A reference point is a reference point. The POC matters. But whether you trade off it depends entirely on what else is confirming the setup: context, structure, and above all else, volume. Without volume, you're guessing. You're putting risk against a level that the market hasn't chosen to respect or reject with any conviction.
This is something I talk about constantly in our Trader’s Thinktank community
The volume indicator I was referencing creates a real-time average of the same time window across the prior five sessions. So when I say "below average volume," I mean: fewer contracts are trading right now than at this exact time on any of the past five days. That's a meaningful signal. It means institutional participation is thin. And thin participation means the moves you see are more likely to reverse than follow through.
I ended up calling today a byproduct of trading at all-time highs. When price is at all-time highs, there's no higher-timeframe structural overhead to create confluence. No prior resistance turned support, no untapped liquidity from a previous range. You're in price discovery territory, and in price discovery with light volume, you're just guessing at direction.
Knowing When to Do Nothing Is the Skill
Late in the stream someone mentioned they've been trading for eight months and still aren't sure if they can make it work. My response was direct: eight months is nothing. You're still in the absolute beginner phase.
That's not meant to be discouraging. It's meant to reframe the timeline. Most traders I've seen who eventually succeed spend the first two to three years just learning how to lose less, not how to win more. The wins come later, after the behavior is built.
The specific behavior I was reinforcing this morning: knowing when not to trade.
"When it's slow, I do nothing. I do absolutely nothing. That's the real test right there, knowing when not to trade."
I said that around the thirty-minute mark when the pre-10 a.m. action was just dead weight on the chart. And I meant it. The ability to sit with a slow, boring session and not manufacture a trade out of boredom or obligation is genuinely one of the harder skills to develop. It doesn't feel like skill when you're doing it. It feels like failure. You're watching price move around, you're looking at levels, you're building narratives in your head about where it might go, and you have to just... not act on any of it.

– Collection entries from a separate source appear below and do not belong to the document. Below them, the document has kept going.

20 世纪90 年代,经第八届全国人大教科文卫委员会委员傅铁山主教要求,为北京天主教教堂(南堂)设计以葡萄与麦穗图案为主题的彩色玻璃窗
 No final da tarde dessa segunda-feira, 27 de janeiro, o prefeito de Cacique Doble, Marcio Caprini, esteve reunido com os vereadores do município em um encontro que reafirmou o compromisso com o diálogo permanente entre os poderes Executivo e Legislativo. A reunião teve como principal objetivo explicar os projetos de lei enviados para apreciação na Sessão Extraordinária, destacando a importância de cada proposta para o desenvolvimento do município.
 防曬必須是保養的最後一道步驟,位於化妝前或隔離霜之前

Chat was talking about a checklist to help with entry decisions, and I think that's exactly the right instinct. A checklist works because it removes real-time judgment from the equation. If the criteria are met, you take the trade. If they aren't, you don't. There's no deliberating, no convincing yourself the setup is close enough. Either the boxes are checked or they aren't.

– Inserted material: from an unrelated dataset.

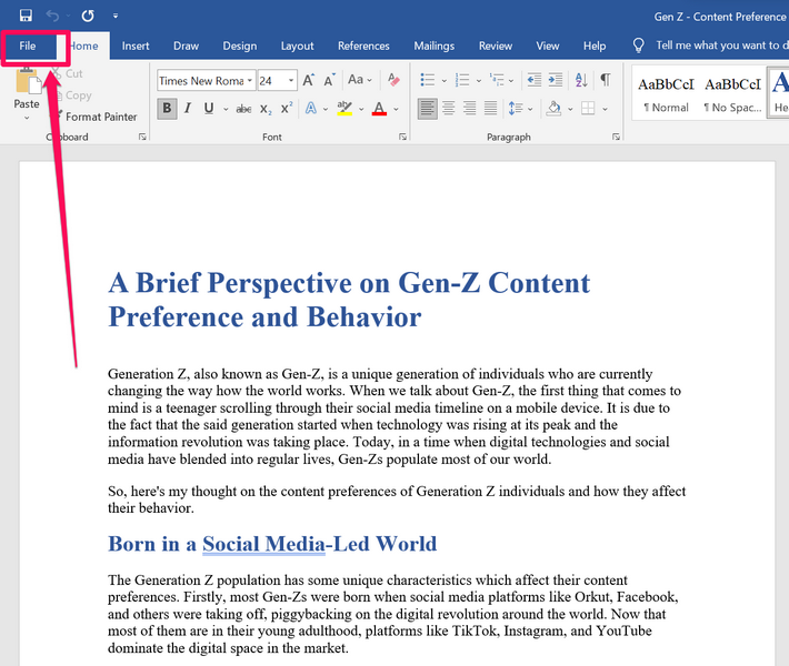 3. Otwórz toklikając lewym przyciskiem myszy plik. Alternatywnie możesz bezpośrednio otworzyć plik .docx, który chcesz przekonwertować, bez otwierania go za pomocą programu MS Word.

The other piece that came up: not trading while sick, or when your mental state is off for any reason. Family stress, relationship friction, things at work. That stuff bleeds into your trading whether you want it to or not.

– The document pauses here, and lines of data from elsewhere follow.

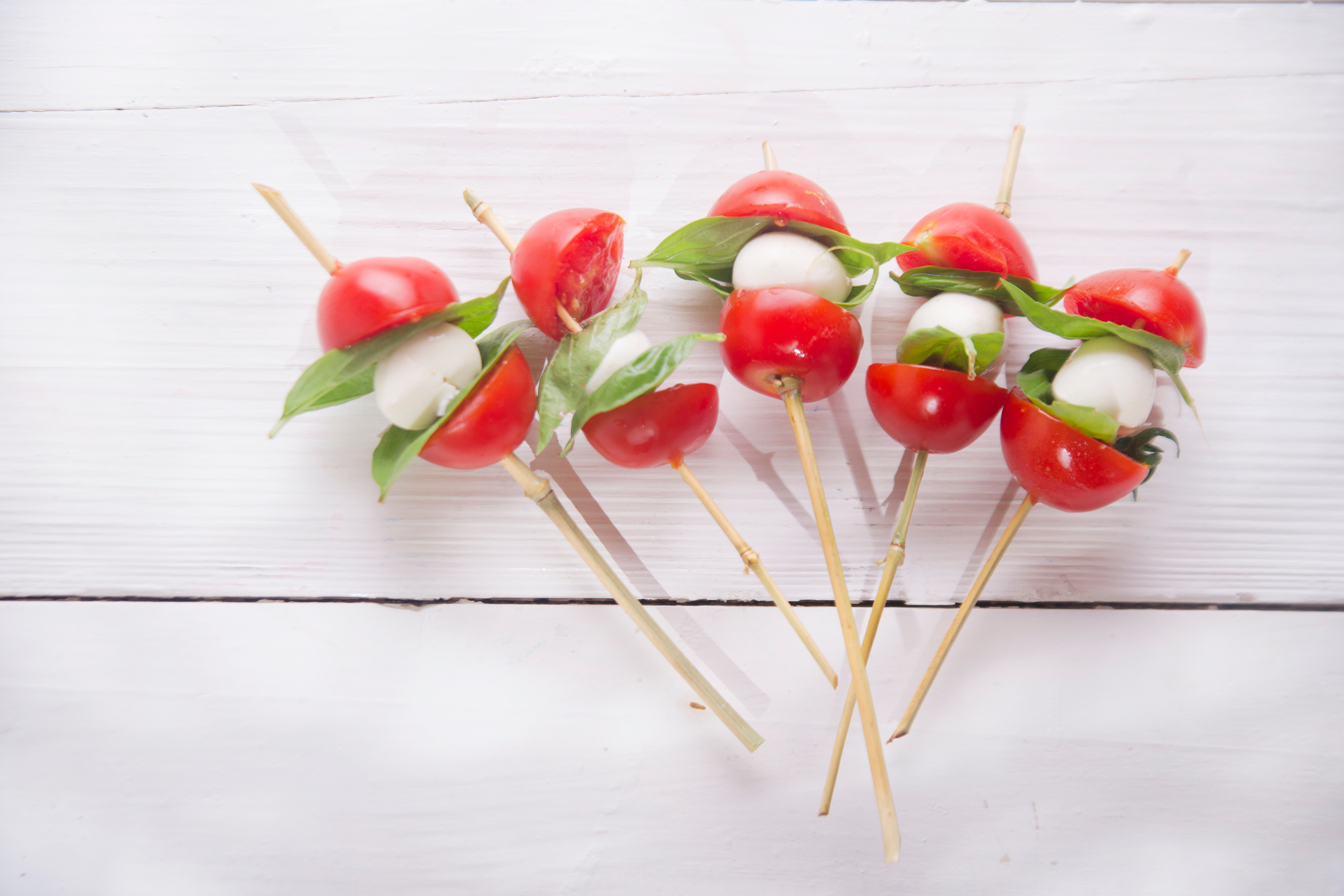 Mozzarella s rajčaty je velice oblíbená kombinace. Podle tohoto receptu je můžete podávat jako jednohubky. Jediné, co k tomu navíc budete potřebovat jsou špejle nebo párátka. Záleží, jak chcete mít špízy velké.
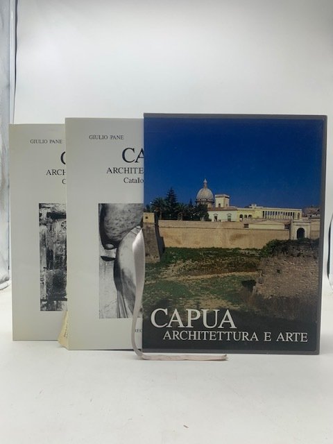 2 volumi in 4, cm. 24,5 x 32, complessivamente pp. 631 + (5), con 1126 illustrazioni in bianco e nero e a colori anche a piena pagina nel testo. Legatura in tela editoriale grigia con titoli in argento al dorso. Sovraccoperta illustrata in bianco e nero . Cofanetto rigido in tela con illustrazioni a colori applicat su entrambi i piatti. Strapo composto alla parte inferiore del dorso del volume primo. Lievi segni d'uso al cofanetto. L'opera esplora il patrimonio architettonico e artistico di Capua dall'età romana in poi.
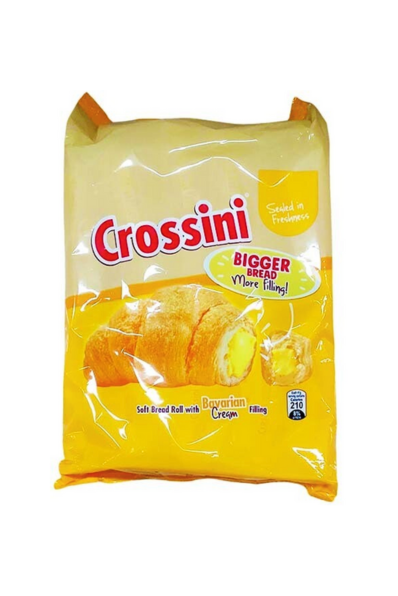 Crossini Rolls Classic Bavarian Cream. These soft, fluffy cake rolls are generously filled with rich Bavarian cream—a smooth, custard-style filling with a lightly sweet and creamy flavor that melts in your mouth. Each pack includes 10 individually wrapped rolls, perfect for baon, merienda, or coffee breaks.
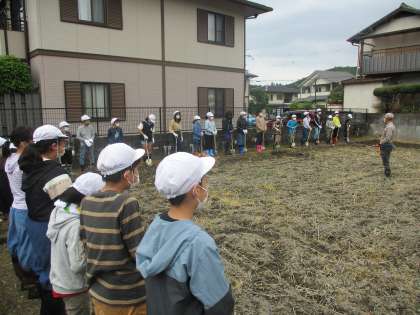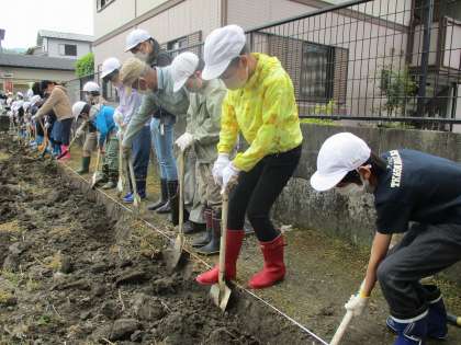 天候が怪しかったですが,めいとく学習では,あぜきりを行いました。スコップを片手に一生懸命に活動を行いました。畑の先生にも初めてと思えないほど上手だとほめていただきました。土台作りの第一歩,今後の活動が楽しみです。

"A lot of the times, making more money in the market comes down to not even doing anything differently with your trading. It's just avoiding what I would consider as stupidity."
That's blunt, but it's accurate. I've been at the desk when I had no business being there, forcing trades while dealing with things that had nothing to do with the market. It cost me. Eventually you learn to recognize the days when you're not in the right frame of mind and you treat the no-trade decision as a professional one, not a personal failure.